Mi sembra un po’ come quando il Real era dei galacticos. A gennaio il Milan Lab era l’ottava meraviglia del mondo. Ora non si appellino alla sfortuna, alle pippe, ai balletti, alle fonti di giuoco non marcate, al calcio spettacolo, all’umidità relativa.
 
[Non mi rosicate nei commenti. Stef, su su, condoglianze…]
 
 
[Nella foto: un Dudek che vaga per il campo cercando la birra da mettere nel bicchierino che porta in mano…]

Voices.

[incredibile, se accendete la tv adesso su raitre trovate Montano in pedana… con la sciabola… oh, non è un doppiosenso.]
 
Ci sono voci tendenziose provenienti da Milano secondo le quali la Juventus avrebbe vinto uno scudetto sebbene ieri non abbia giocato alcuna partita.
Diciamolo, è stata una conquista dolorosa. Gente in poltrona a vedere il Palermo…. Oh, poi i festeggiamenti. Fare i torpedoni con se stessi e la dinamo della propria bici. Sì, son cose che fanno male.
E intanto, sebbene per la maggior parte dei tifosi Juventini (rompicazzi per definizione. "La Juve vince? Sì, ma quello Zambrotta lì se corresse meno… Del Piero è uno scroccaingaggi… quell’Ibrahimovic lì non sembra neppure un giocatore di calcio, Trezeguet si ammala apposta, Zalayeta lo metterei in cucina a fare la carbonara e Olivera secondo me porta sfiga.") sei mesi fa eravamo una squadra come una fiat croma dell’89 (ossia da rottamare) si è vinto.
Certo che si dovrebbe avere per gli anni prossimi una rosa un po’ più farcita e cambiare preparazione: non si spiega la caporetto a metà stagione con più gente in infermieria che sul campo e con altri, che prestati ad altre squadre, che erano rottami da noi (leggasi il sig. Tudor) riescono a fare tutte le restanti partite della stagione.
Comunque questo scudetto, uscito un po’ così, è sicuramente il contrappasso per quello che abbiamo vissuto il Cinque Maggio. Io sogno ancora un pomeriggio in quel modo… siamo viziati, sì.
 
Oggi, al telefono, ho detto che il Milan ha perso lo scudetto come in fin dei conti Basso poteva perdere il Giro.
Eccolo…
Basso prende una congestione [Diosanto, neanche i bambini piccoli… a dei ciclisti professionisti devi dire: «Amore della mamma, quando bevi l’acquetta scaldala prima in bocca, che sennò dopo hai la bua al pancino…». Cazzo, è come i calciatori che prendono l’influenza… ma vaccinarli dopo che li paghi millemila euro l’anno?] e quindi si pianta, limitando i danni.
Il compaesano di John, Caucchioli, in grande spolvero nella prima fuga dopo parecchio tempo. Ma la cosa meravigliosa è vedere quel Savoldelli, quel Falco di Clusone che tre anni fa fiondandosi nelle discese vinse il giro, salire in quel modo è stato uno spettacolo.
 
E nell’orgia sportiva del week-end figura anche uno dei più affascinanti GP della stagione, quello al principato di Monaco, e la cima Coppi di domani. Ah, dite che gioca la Juve?
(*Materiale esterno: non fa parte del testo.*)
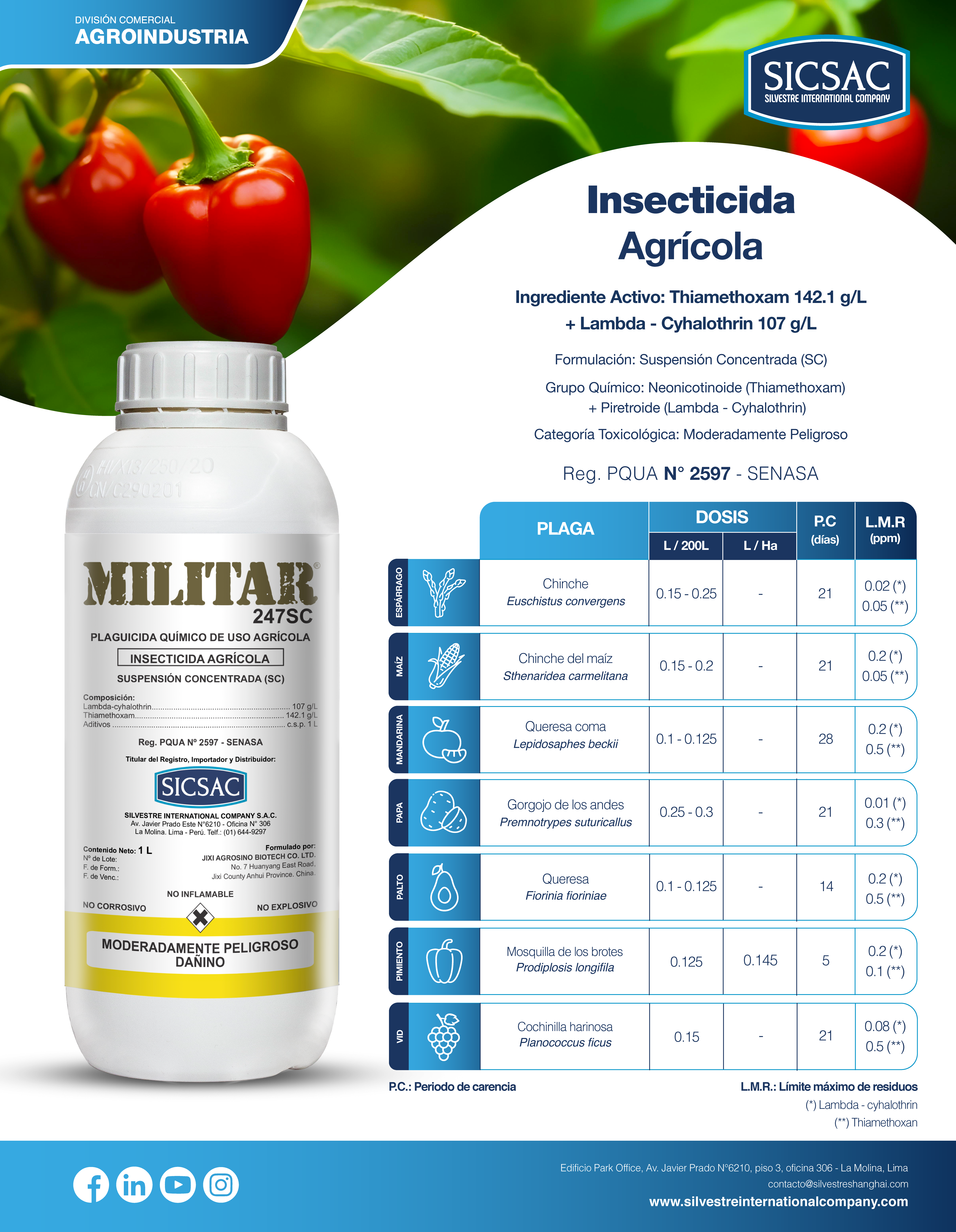 Insecticida con un marcado efecto de contacto e ingestión y de gran persistencia recomendado para el control de insectos minadores, masticadores y picadores chupadores.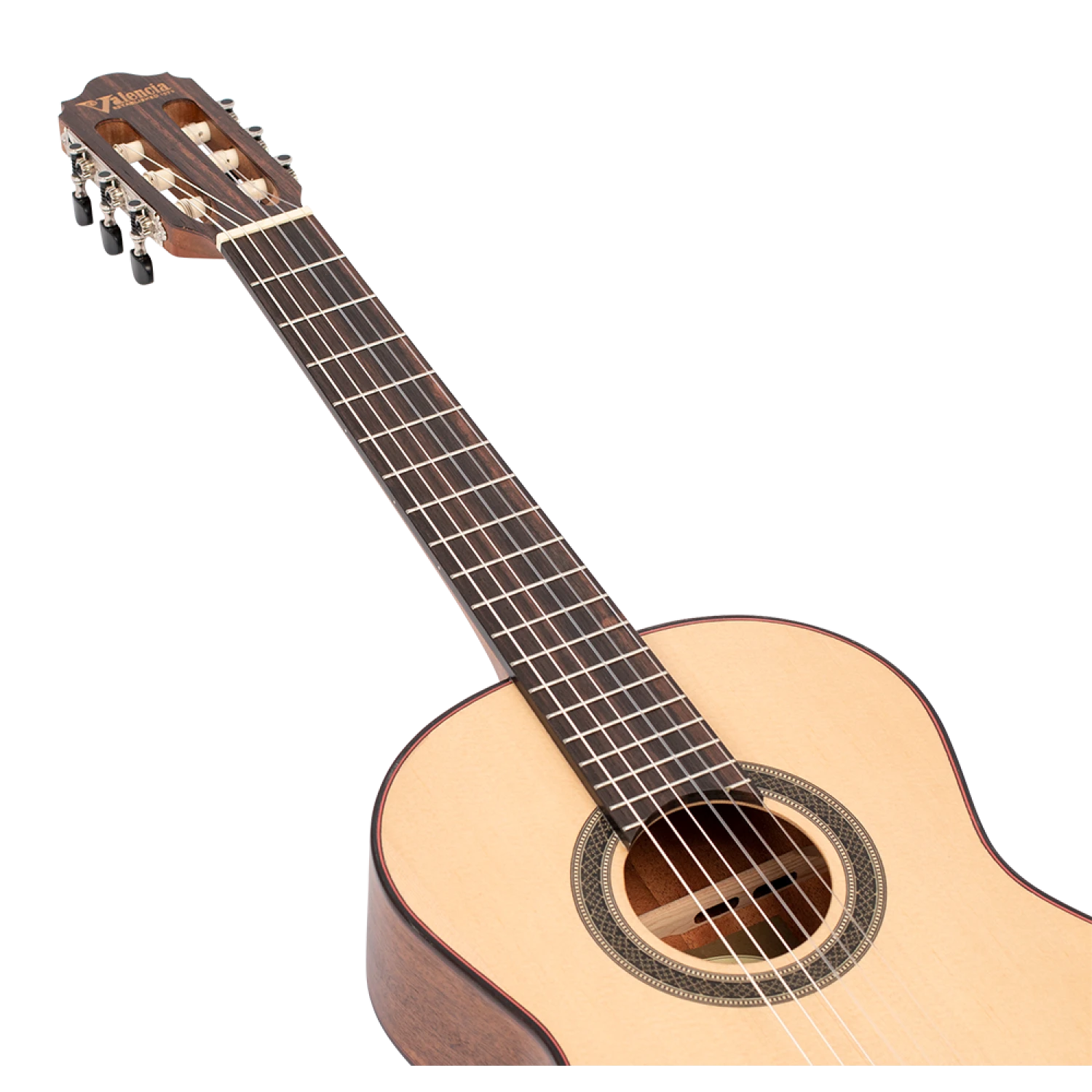 Solid Sitka spruce top with inlaid natural wood mosaic soundhole rosette. Premium mahogany back and sides with arched back. Innovative ToneFlow fan bracing. 4 ply rosewood and maple top binding, 3 ply rosewood and maple side binding. 5 ply rosewood and maple centre back and base strip. Premium mahogany neck with Amara ebony centre reinforcement strip. Amara ebony fingerboard with 19 nickel frets (12 to body). 3 ply Amara ebony multi veneer headstock with engraved Valencia logo. 3 ply Amara ebony multi veneer neck heel end. Amara ebony bridge with wood mosaic decoration. Graph Tech Canada, NuBone XB compensated saddle and nut. Custom diecast machine heads; nickel with satin black buttons. USA strings.

Vuoi vedere che il Milan vuole perdere lo scudetto?

No, perchè il risultato di Lecce-Milan non me lo aspettavo, sebbene…
Il problema ora è uno: stravolgere i piani del week-end se il Milan si azzarda a perdere anche la prossima con il Palermo. Eccheccazzi, non mi sembrerebbe giusto. Qui c’è gente che si deve programmare i festeggiamenti, dico.
 
P.s. Io rosico ancora per la partita con il Liverpool. Il resto ci penserò quando avremo ago e filo in mano.
[nella foto: un gruppo di scout aiuta un anziano ad attraversare la strada per ritirare i 500 euro di pensione.]

Il giro del Cervia.

Ieri, non avendo proprio un cazzo da fare… no, rincominciamo.
Ieri pomeriggio avrei dovuto studiare. Mi ero messa lì, mi ero fatta il mio tazzone di the agli agrumi, avevo aperto il malloppone di biochimica e con l’evidenziatore in mano, come se fosse un bisturi, avevo poggiato il mio sedere sulla sedia e incurvato la mia schiena sul tavolo.
Dopo tre minuti netti un operaio sotto casa si è messo a smurare del cemento dai paletti a picconate.
Dopo trenta secondi dall’inizio del suddetto rumore ho iniziato a prendere a craniate uno dei muri portanti di casa pronunciando il mantra: «Maremma zozza cane, sapessi dove te lo metterei quel piccone io…»
 
Ho salutato con la manina e con un po’ di morte nel cuore il libro e gli appunti e sono uscita in bici. Mi ero scordata di chiudere quindi dopo aver varcato il cancello son tornata indietro ad inchiavare (qui gli operai ti pedinano e rubano nelle case, che palle).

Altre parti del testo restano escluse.